Dr. Yashwant Singh Parmar Government Medical College Nahan
- Motto: Arogya Sukh Sampada
- Type: Public
- Established: 2016; 10 years ago
- Affiliations: Atal Medical and Research University, NMC
- Endowment: 290cr
- Principal: Dr. Sangeet Dhillon
- Undergraduates: 560
- Location: Nahan, Himachal Pradesh, India 30°33′50″N 77°17′38″E﻿ / ﻿30.564°N 77.294°E
- Campus: Urban;
- Website: www.yspgmc.org

= Dr. Yashwant Singh Parmar Government Medical College =

Medical school in Himachal Pradesh, India

Dr. Yashwant Singh Parmar Government Medical College is a medical college located in Nahan, Sirmaur district of Himachal Pradesh. It was established in 2016 and was named after first Chief Minister of Himachal Pradesh Dr. Yashwant (YSPGMC). It is a renowned as a medical institution and is widely regarded as the third medical college in Himachal Pradesh followed by Indira Gandhi Medical College and Hospital & Dr. Rajendra Prasad Government Medical College.

History:

The college's foundation stone was laid by then Chief Minister of Himachal Pradesh, on November 6, 2016. to address the growing demand for skilled healthcare professionals in the state, YSPGMC was established to contribute significantly to medical education and healthcare delivery. The initial intake of the college was 100 MBBS seats which was subsequently increased to existing intake of 120.

Academic Programs:

YSPGMC offers a range of undergraduate and postgraduate medical courses, including the Bachelor of Medicine and Bachelor of Surgery (MBBS) program and various specialties at the postgraduate level.

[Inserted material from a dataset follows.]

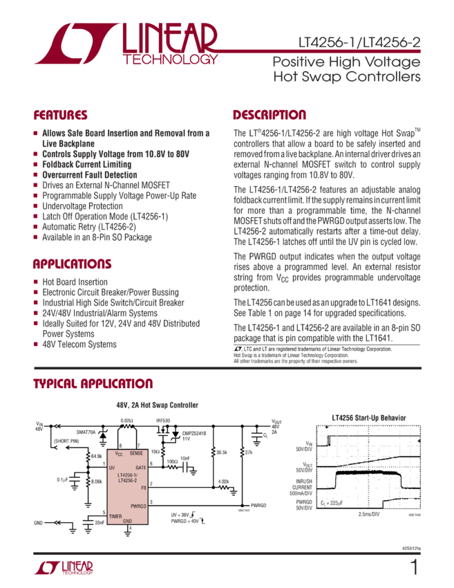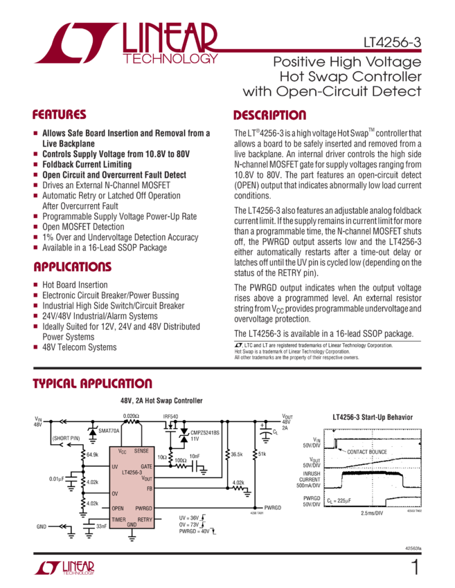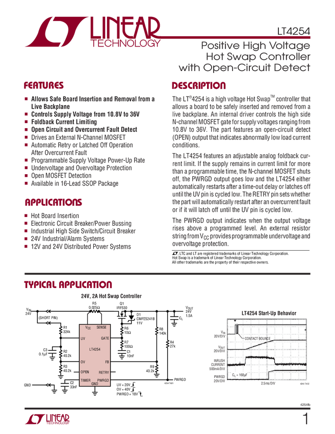 Positive High Voltage Hot Swap Controller with Open-Circuit Detect

Courses offered are as below:

Bachelor of Medicine, Bachelor of Surgery (MBBS) : A total of 120 students are admitted to the MBBS program, and the selection process is carried out through NEET, with 15% of the seats being reserved for the All India Quota. After the NEET Cut Offs are declared, the AMRU starts the admission and counselling process for students on behalf of YSPGMC.

General Nursing and Midwifery : Every year, Dr. Yashwant Singh Parmar Government Medical College witnesses the enrollment of 30 dedicated and aspiring students into its General Nursing and Midwifery (GNM) program.

Post Graduation, Community Medicine :

The National Medical Commission (NMC) has approved three seats for PG in Community Medicine in YSPGMC.

Campus and Facilities:

Situated in the town of Nahan, the Government Hospital is converted to a medical college.
Hostel Facility is available for girls and boys for MBBS students, hostels are located 4 KM away from the Medical College.